In the move towards value-based care, CMS has been trying out various payment models, one of which is bundled payments. This article explores the background and forms of the idea.
In the move towards value-based care, CMS has been trying out various payment models, one of which is bundled payments. The latest headlines on bundled payments revolve around the announcement by CMS earlier this year that it intends to begin mandatory bundled payments for hip and knee replacements.
This proposed rule will be part of the Comprehensive Care for Joint Replacement (CJR) initiative beginning in April of 2016. Under this program, hospitals that are engaged in providing this service will be financially accountable for all the cost and quality related to these joint replacement procedures during one's hospitalization during a stay and up to 90 days afterwards. This incentivizes providers and hospitals to be ever more cognizant of cost in order to keep costs for the entire process under what is provided by the bundled payment.
So What Are Bundled Payments?
A bundled payment is viewed as a single payment that will comprehensively cover the cost of care delivered by two or more providers during one episode of care and/or some specified period of time. The payments received within this framework will fall under what is known as a type of risk-contracting or more commonly referred to as going “at-risk.”
In effect, if you are providing care under this agreement you will be “at-risk” for the cost of services incurred because if the cost of care goes above what is provided by the bundle, then you are at risk of picking up the tab for the difference.
However, if the ultimate cost of care remains under the agreed amount, then you and the other providers involved in that episode of care will be compensated for the cost savings that resulted from care coordination and what was set for the “bundled payment.”
This payment may occur in different ways dependent on a given practice setting. For example, the payment may be provided to an Accountable Care Organization (ACO) that a given provider participates in or is employed by. The ACO then appropriates out the payments to their physicians and providers as agreed upon for a particular episode of care.
It is also possible for this payment to come directly from a payer that has contracted with a set of providers independently. The payer then pays the providers separately but within their negotiated prices so that the total cost does not exceed the bundle. You may see or hear this form of bundling referred to as “virtual” bundling as well.
Thus far, most of these payments have been done retrospectively. First the service is provided and then payment is received, much like our current fee-for-service model.

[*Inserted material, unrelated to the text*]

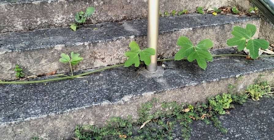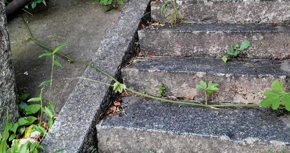 駆け上がった秋葉神社の階段。右から左へ横断する葛の蔦。

Although this will aid in predicting cost in a more consistent manner. It still is subject to some of the criticisms found in traditional fee-for-service payment model. One of these criticisms being that it may still harbor incentives for providers to do more based predominantly on monetary drivers.
CMS has been testing the use of these models via its Bundled Payments for Care Improvement Initiative. This initiative is comprised of four models around episodes of care.
The models incorporate both financial and performance measures in hopes of coordinated and quality care.
Model 1: Addresses inpatient stays in acute care settings and provides prospective payments using the Inpatient Prospective System for organizations and to the providers based on the Physician Fee Schedule.
Model 2: Acute care hospital inpatient stays plus post-acute care and any services incurred up to 90 days after discharge. This is done as a retrospective bundled payment arrangement and later reconciled with the target price for the bundle.
Model 4: A single prospective payment is made to an organization encompassing all services during the entire inpatient stay for that episode of care.